The work is 70 to 80 minutes long in performance, and features ‘non-retrogradable’ rhythmic patterns (patterns that are the same played forwards as backwards) and four distinct musical themes. Messiaen described the themes as follows:
The “statue theme,” named for the threatening images on ancient Mexican monuments, features moving thirds often played by fortissimo brass.
The “flower theme” is a very slow, quiet figure introduced first by clarinets.
The “love theme” is the longest and according to Messiaen most significant theme.
The final theme is a set of opposing chords that produces crossing counterpoints in the orchestra.
Messiaen described these themes, and how they interweave throughout the movements, in his program notes for the first performance:
I. Introduction: Here are heard the first two cyclic themes – the first, in heavy thirds on the trombones; the second, in tender arabesques, on the clarinets.
II. Chant d’amour 1 [Love song]: This movement is a refrain, evoking two violently contrasted aspects of love: passionately carnal love, and tender and idealistic love.
III. Turangalîla 1: A nostalgic theme on the ondes martenot; a weightier theme on the trombones; slow song-like melody for the oboe.
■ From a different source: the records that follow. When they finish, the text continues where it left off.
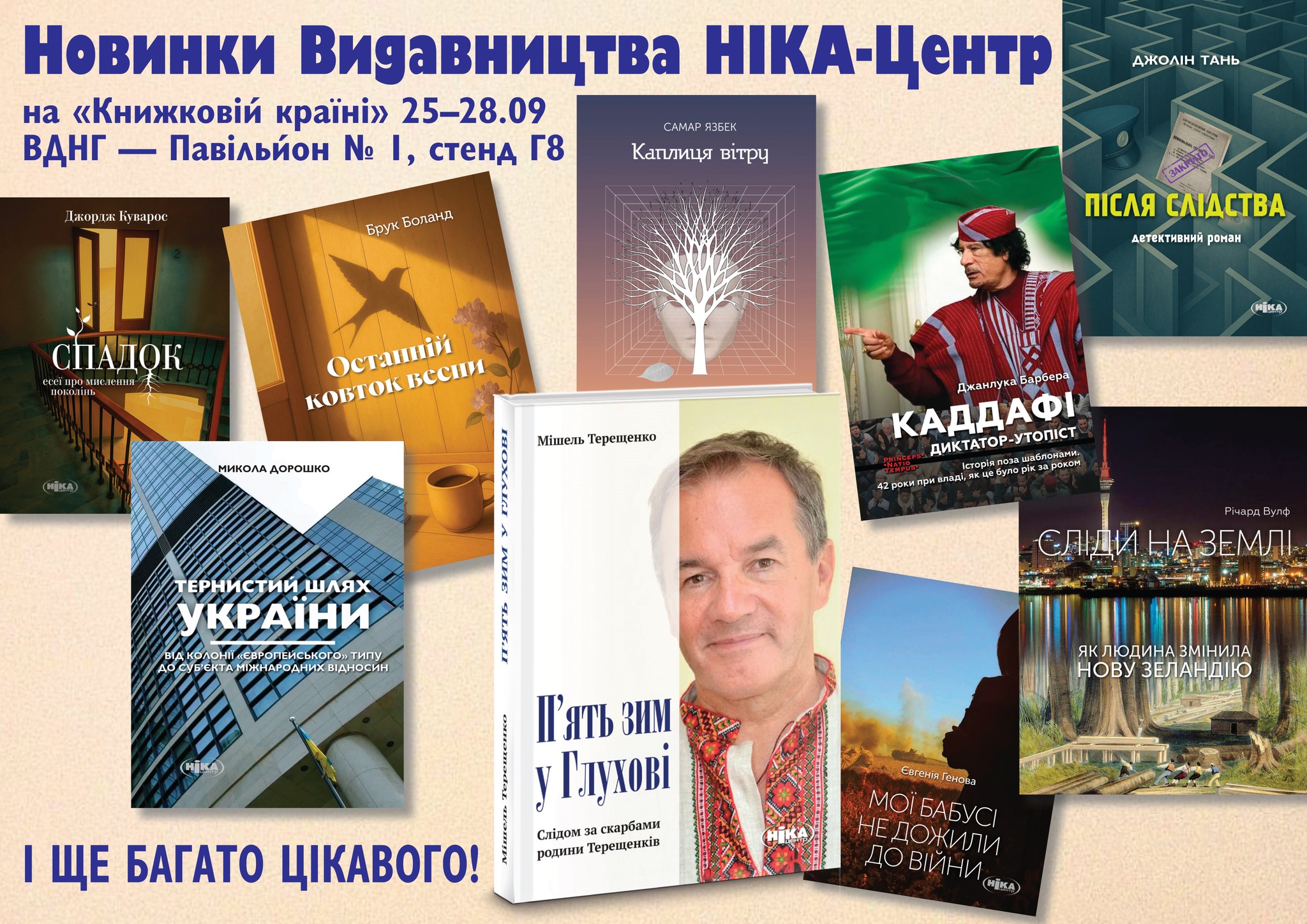 25-28 вересня цього року на ВДНГ відбудеться Фестиваль «Книжкова країна». Робота книжкового ярмарку: • 25–26 вересня (четвер–п’ятниця) — з 12:00 до 20:00 • 27–28 вересня (субота–неділя) — з 10:00 до 20:00 Видавництво НІКА-Центр бере участь. Наш стенд у 1-му павільйоні №Г8. До цієї чудової події маємо такі новинки: – Мішель Терещенко П’ЯТЬ ЗИМ У ГЛУХОВІ. […]
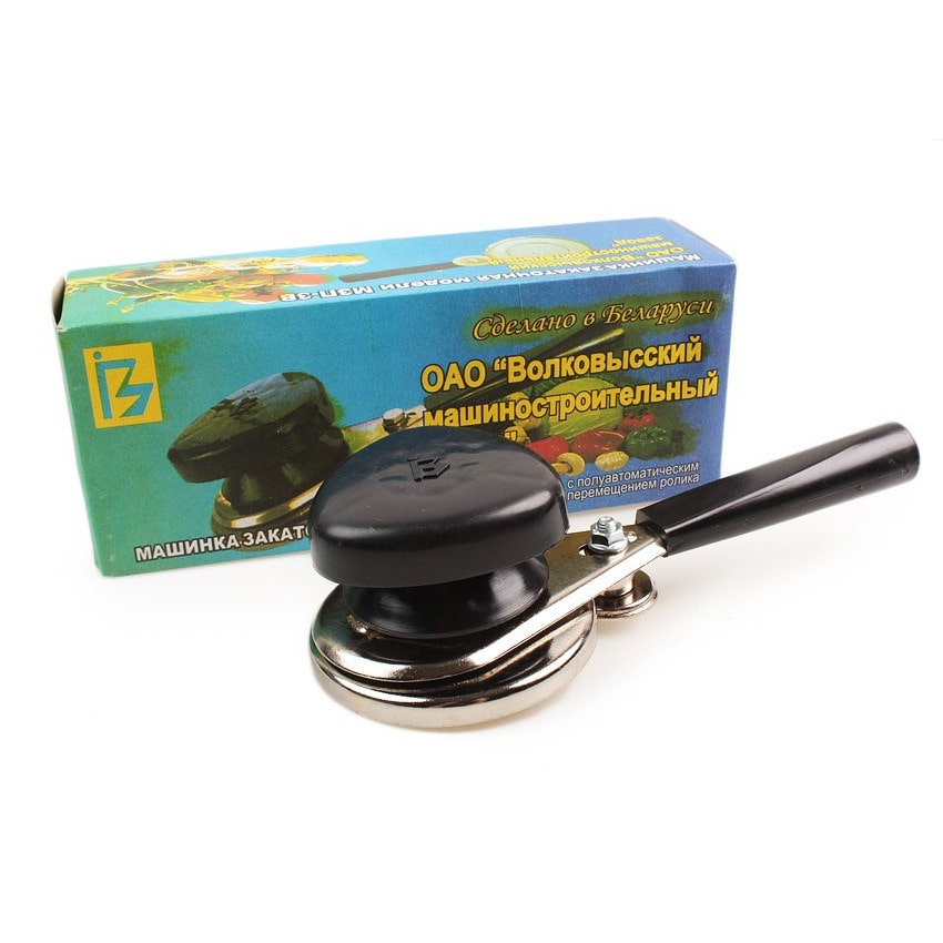 Закаточная машинка (с полуавтоматическим перемещением ролика) предназначена для герметичной закупорки стеклянных банок с венчиком горловины типа 1-82 металлическими крышками при домашнем консервировании овощей, ягод и фруктов.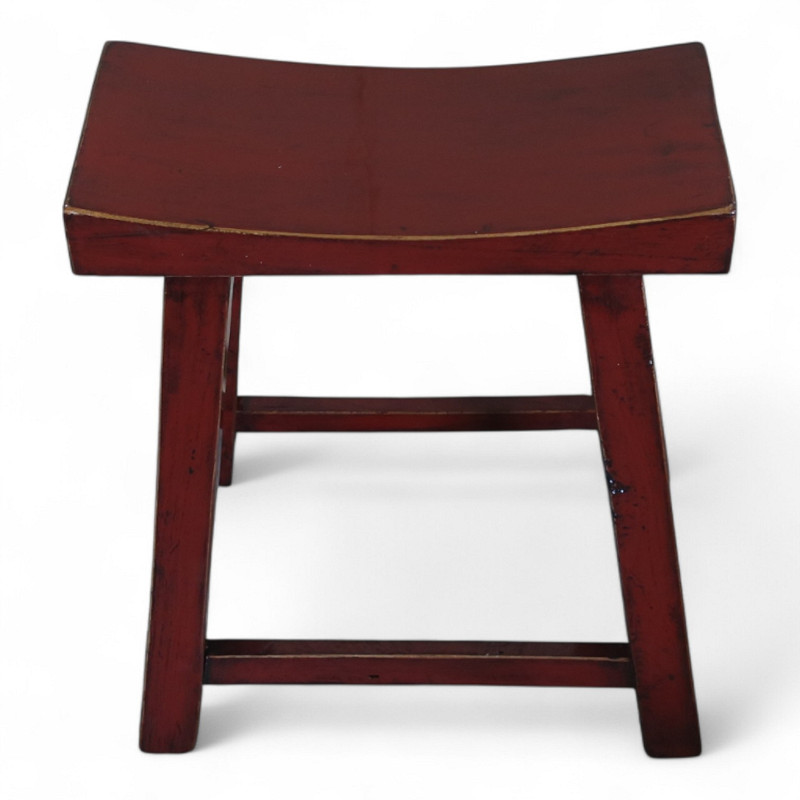Rode kruk uit gerecycleerd hout, H52 x B50 x D25, met zorg en vakmanschap gemaakt door ambachtslieden uit het Verre Oosten, die eer betonen aan traditionele technieken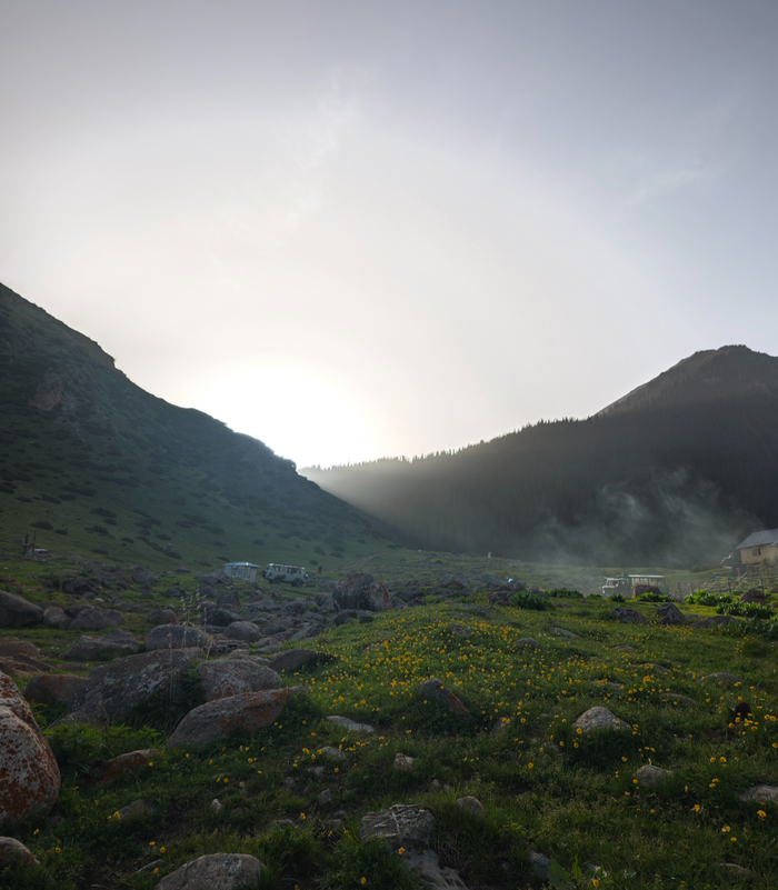 На следующий день встречаем рассвет, завтракаем, представительницы прекрасного устраивают фотосессию и часов в 10 мы снова на буханке едем обратно в Каракол.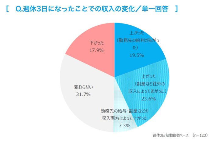 週休3日で「収入が上がった」と回答した人は全体の50.4%に上っている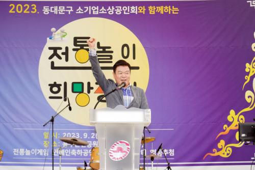 [½Åµ¿¾Æ¹æ¼Û µ¿´ë¹®=À̽ŵ¿±âÀÚ]ÀÌÇÊÇü µ¿´ë¹®±¸Ã»ÀåÀÌ 2ÀÏ ¿ÀÀü 10½ÃºÎÅÍ ±¸Ã» ¾Õ ¿ëµÎ±Ù¸°°ø¿ø¿¡¼­ ¿­¸° (»ç)µ¿´ë¹®±¸ ¼Ò±â¾÷¼Ò»ó°øÀÎȸ(ÀÌ»çÀå ±è¾çÈ£)°¡ ÁÖÃÖ¡¤ÁÖ°üÇÏ´Â ¡®¼Ò»ó°øÀÎ ÀüÅë³îÀÌ Èñ¸ÁÀåÅÍ¡¯¿¡ Âü¼®Çß´Ù. ÀÌ ±¸Ã»ÀåÀº °³È¸½Ä Ãà»ç¿¡ À̾î Çà»çÀå¿¡ ¼³¡¦

Rhythmic play on three planes for the maracas, wood-block and bass drum.
IV. Chant d’amour 2: A scherzo with two trios. In the restatement, the scherzo and two trios appear simultaneously, making a musical scaffolding in three tiers.
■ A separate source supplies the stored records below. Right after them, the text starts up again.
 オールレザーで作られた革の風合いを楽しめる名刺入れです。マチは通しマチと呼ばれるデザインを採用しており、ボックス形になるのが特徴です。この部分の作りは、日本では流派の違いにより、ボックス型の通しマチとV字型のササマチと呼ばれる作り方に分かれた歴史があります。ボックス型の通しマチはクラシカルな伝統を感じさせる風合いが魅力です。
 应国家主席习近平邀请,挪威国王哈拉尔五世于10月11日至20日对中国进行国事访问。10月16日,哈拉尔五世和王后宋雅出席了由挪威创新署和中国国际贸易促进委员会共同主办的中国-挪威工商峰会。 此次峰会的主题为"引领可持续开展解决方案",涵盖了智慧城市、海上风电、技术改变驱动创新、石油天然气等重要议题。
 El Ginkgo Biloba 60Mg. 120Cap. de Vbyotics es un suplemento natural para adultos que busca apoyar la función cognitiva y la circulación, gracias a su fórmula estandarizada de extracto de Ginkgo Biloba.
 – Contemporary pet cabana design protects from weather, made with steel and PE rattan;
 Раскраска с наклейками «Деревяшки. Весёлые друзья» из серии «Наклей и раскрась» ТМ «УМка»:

V. Joie du sang des étoiles [Joy of the blood of the stars]: This is the climax of sensual passion expressed in a long and frenzied dance of joy. The development contains a reversible rhythmic canon between trumpets and trombones, while the piano adds its vehement brilliance to the movement’s wild clamour. [A reviewer at the opening declared this clamour to remind him of “Hindu hillbillies, if there be such.”]
VI. Jardin du sommeil d’amour [Garden of the sleep of love]: Here appears the third cyclic theme: that of love. It is a long slow melody for ondes martenot and the strings, decorated by the vibraphone, the glockenspiel and the bird-song of the piano. Tender, idealistic and ethereal love.
VII. Turangalîla 2: Rhythmic pattern for the percussion, together with ‘rhythmic chromaticism’ of the time-values.
VIII. Développement de l’amour [Development of love]: This movement develops the three cyclic themes.
IX. Turangalîla 3: A rhythmic mode, using a ‘rhythmic chromaticism’ of 17 note-values: it uses five percussion instruments, wood-block, cymbal, maracas, tambourin provençal and tam-tam. Each percussive sound is reinforced by a string chord which is a realization of its particular resonance, thus uniting the quantitative and phonetic lines.
X. Finale: Here are two themes: (1) a joyful fanfare of trumpets and horns; (2) the ‘love’ theme. The coda is based on the love-theme.
Messiaen wanted to create a “love song and hymn of joy, time, movement, rhythm, life, and death.” Whether his work achieves this lofty goal is up to each individual listener to decide. What remains certain is that his inventive piece is like no other, a work of huge structural scope that strives to convey the gamut in experience, from most tender to most wild, of its basic theme: love.